Айяна преследовал призрак невинного лица Оджи в сиянии ее ночных притирок из куркумы и иллюзий внезапно необычайной жизни. Оджа нипочем не должна узнать правды, потому что этого она Айяну никогда не простит. Враки, что он ей наплел, уже пустили корни у нее в уме и создали легенду. Теперь уж не вынешь. Придется ей жить с этой ложью всю жизнь. Его пугала эта мысль – быть с женщиной до самой смерти и не говорить ей, что когда-то ее обманул. Выживая в этом мире благодаря матерой практичности, он все же верил: связь мужчины с женой негоже портить избытком рациональности. Браку нужен абсурд ценностей. В мире за пределами их дома не было ни правды, ни кривды. Всякий миг – сражение, и выигрывает хитрейший. Но его дом – не пустячок, как этот ваш мир. Морочить Одже голову тем, что ее сын гений, – преступление, причем до того тяжкое, что для него не существует наказания. Однако была в этой игре и неотразимая прелесть. Она ему очень нравилась.
Вот что его пугало. Невзирая на отвращение к жестокости мифа, создаваемого им вокруг собственного сына, Айян боялся, что не сумеет остановиться.

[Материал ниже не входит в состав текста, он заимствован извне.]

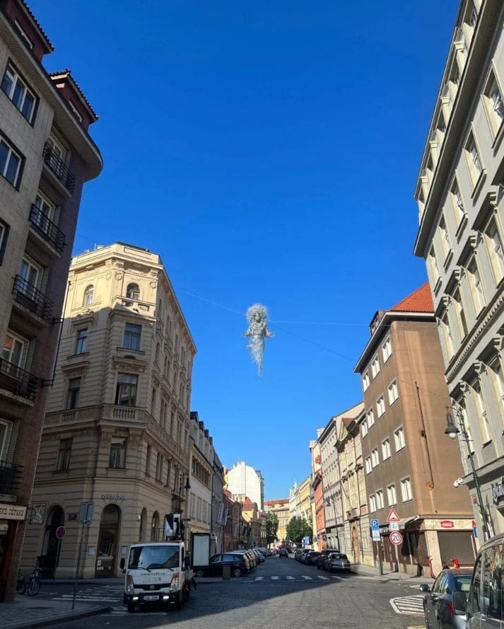(ФОТО) Над Прагой летает украинская мать: В столице Чехии «подвесили» необычную скульптуру 12 января, 2024
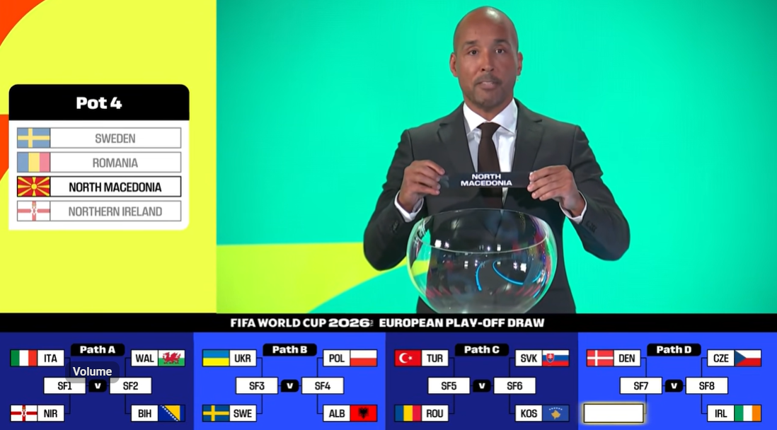 Македонската фудбалска репрезентација ќе игра против селекцијата на Данска во првиот бараж-меч за пласман на Светското првенство во 2026 година беше одлучено на денешната ждрепка во Цирих.
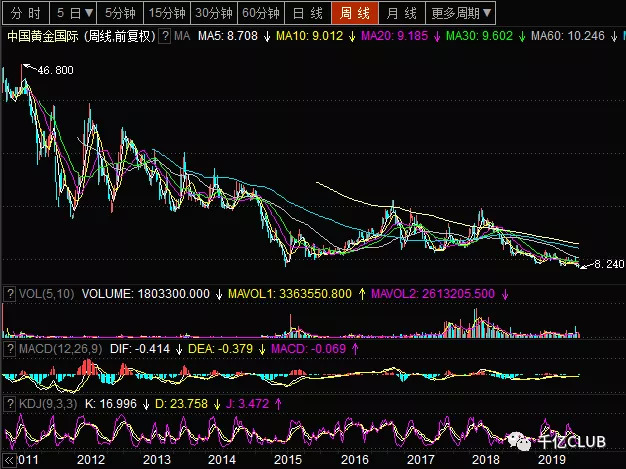 2011年9月,国际金价创下历史高位高达1922美元一盎司,其后一路走低直至2015年见底后在箱体运行,而中金国际同样在2011年初创出46.8元的历史高位后一路下行,直至2015年见底后在箱体运行,其股价走势与国际金价走势高度相关。
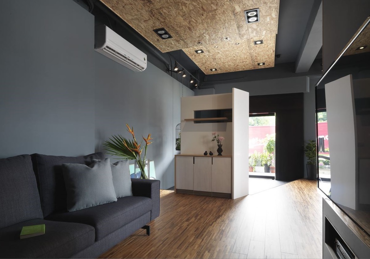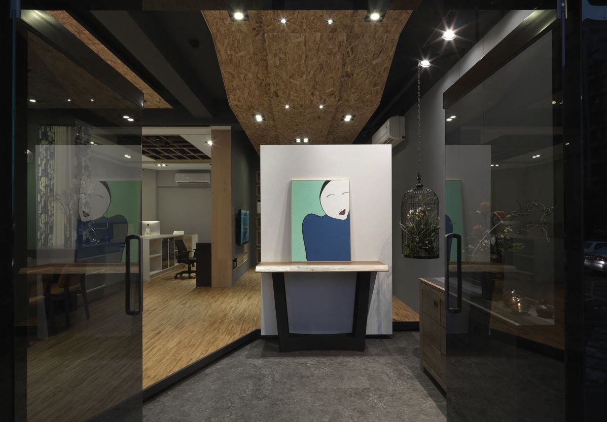 進(jìn)入空間之前,黑色烤漆搭配清玻璃打造而成的大門,已透露了空間的現(xiàn)代美學(xué)質(zhì)感,讓人留下最佳印象。而空間內(nèi)部則根據(jù)使用需求,將格局大致區(qū)分為工作區(qū)、洽談區(qū)、沙發(fā)區(qū)、儲(chǔ)藏室及茶水間等。入口玄關(guān)處一道白色藝術(shù)端景墻讓視覺效果得到緩沖,并且具有指引動(dòng)線的作用,上方的折線型木質(zhì)感天花板,巧妙展現(xiàn)了幾何造型美學(xué),讓人一進(jìn)門便感受到濃厚的藝術(shù)設(shè)計(jì)氣息。再往內(nèi)走,玄關(guān)端景墻后方是沙發(fā)區(qū),讓來訪的客戶可以在此暫時(shí)休憩,灰色電視墻與書墻形成完整空間感,營(yíng)造出居家空間般的舒適氛圍。

Игра пьянила его, азарт был слишком силен. Он вспоминал своих братьев-алкоголиков, в чьих глазах он когда-то видел отчаянное желание жить, но они не смогли преодолеть мощь пристрастия, и оно побеждало дух жизни. Восторг возведения небылицы о юном гении и баек, которые стягивали его маленькую семью в уютный клубок в их однокомнатном обиталище, – вот чего он не желал терять. Ничего большего у них не было. Так что ж мужчине до́лжно делать?
Обычный мужчина хочет, чтобы его жена чувствовала бурление жизни. Айян родился в бедности, какую ни одно человеческое существо не должно переживать; он впитал крохи знания при свете муниципальных фонарей; он научился лгать, чтобы кормить себя и свою семью; а теперь увяз, потому что выше головы сыну дворника не прыгнуть. У Айяна не было никаких особых дарований, но хватало мозгов, чтобы отчетливо понимать тщетность надежды и мрак предстоящей неприметной жизни. Так что же до́лжно делать мужчине? Не будь потехи в виде гениальности сына, рутина рано или поздно удушит его жизнь, он это понимал. Не будь этой потехи, грядущее стало бы слишком предсказуемым. Он продолжит печатать браминам письма, принимать их звонки и претерпевать от их поисков истины. И каждый день своей жизни будет подниматься по крутой колониальной лестнице БДЗ, протискиваться между местным зомбачьем и искать утешения в безразличной любви женщины, которая на него толком уже и не смотрит. Он проживет всю жизнь, такую невыразимо обычную, в однокомнатном обиталище площадью сто восемьдесят квадратных футов (включая нелегальные антресоли).